Software Development Tips for Boosting System Performance


To help minimize the size of the code needed for applications and maximize how fast they run, it's important to choose the right compiler Build options.

The microcomputers in the RX product line deliver a step up in processing performance compared to other mid-range devices. A key way that they implement a high level of code efficiency is by shortening the codes for frequently used instructions. This is achieved in conjunction with the high-performance RX C/C++ compiler. To get the most performance out of RX chips, it is essential to properly select the Build options provided by that compiler. This article explains three key Build options we recommend for use in application development. The correct choices for these options are particularly effective for developing applications that run quickly and require less memory.

Providing both major processing speed boosts and code size reductions

To help ensure that applications require the least amount of code and run as fast as possible, it is important to correctly use three key Build options provided by the Renesas C/C++ compiler for our RX microcomputers. This tutorial describes those options and offers recommendations for their use. Specifically, we will explain the following Build options:
[1] Optimization for external variables
[2] Base address setting
[3] Optimization method

Applying Build options: [1] Optimization for variables with wide scope
Select [Inter-module] to optimize external variables across all files.
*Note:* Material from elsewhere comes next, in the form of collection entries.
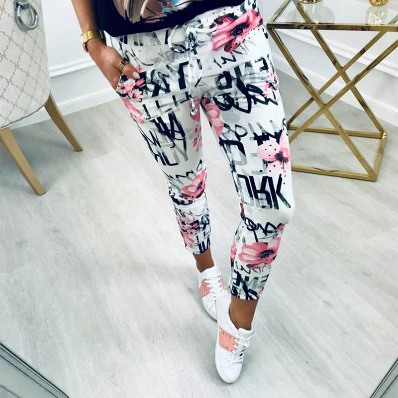 FREE SHIPPING Autumn Drawstring Ankle Length Pants Women’s Summer Casual Trousers Pencil Casual Pants Floral Printed Women’s Trouser JKP2189
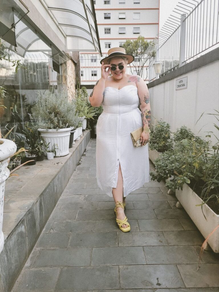 A white strapless midi dress with front button detail and a boater hat, round sunnies and yellow lace up block heeled sandals is such a confident and joyful summer outfit.
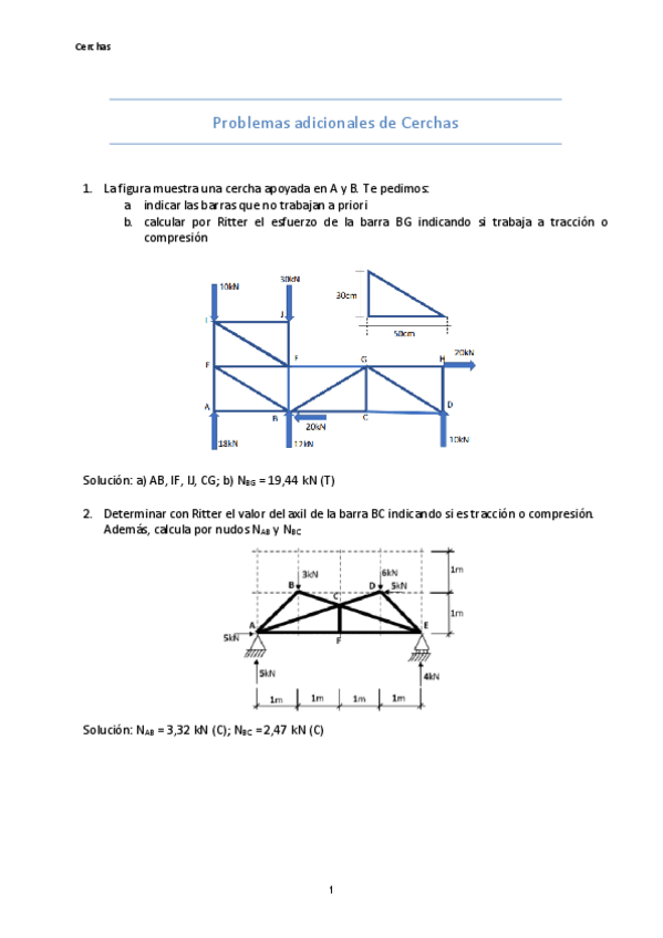 He publicado nuevos ejercicios de 2º Mecanica de Estructuras: ProblemasadicionalesCerchas-1.pdf

The first Build option examined here is the one that optimizes wide-scope variables; i.e., those variables defined outside the functions so that they can be accessed from all functions. If optimization isn't used, the code generated when accessing a wide-scope variable from inside a function contains a separate address for each variable. As a result, processing performance is degraded from a level that perhaps could be higher. Code efficiency is adversely affected, too, because access based on the absolute addressing mode of RX microcomputers requires 32-bit address data.

Our recommended action is to enable [Optimization for Access to External Variables] (see Screen 1). This option automatically combines multiple wide-scope variables (with the same size) into a single package (structure). This changes the accesses to use relative addressing for other than the variable set at the base address, so it helps reduce code size.
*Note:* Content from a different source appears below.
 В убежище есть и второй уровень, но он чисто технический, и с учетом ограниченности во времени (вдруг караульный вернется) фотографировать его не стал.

Two options—[Inter-module] and [Inner-module]—are available for optimization. Selecting [Inner-module] only uses the structure format for variables defined in the same file (see Figure 1, left side). In contrast, the [Inter-module] setting uses the structure format for all wide-scope variables, regardless of where they are defined.

The [Inter-module] setting results in a longer Build time because wide-scope variables from different files cannot be combined as a structure until after linking; therefore, the compiler and linker must run twice. Nevertheless, this option is likely to be particularly effective (see Figure 1, right side). Accordingly, we recommend that users select [Inter-module] for [Optimization for access to external variables].

Screen 1: Procedure for selecting the [Inter-module] setting for optimization for wide-scope variables. From the [Build] menu, select [RX Standard Toolchain] to open the menu screen (upper screen). Next, select the [Compiler] tab page ([1]) and select [Optimize] from the [Category] drop-down menu ([2]). Next, select [Inter-module] from the [Optimization for Access to External Variables] drop-down menu ([3]). This causes a [WARNING] message window to open. Click the [OK] button in the window.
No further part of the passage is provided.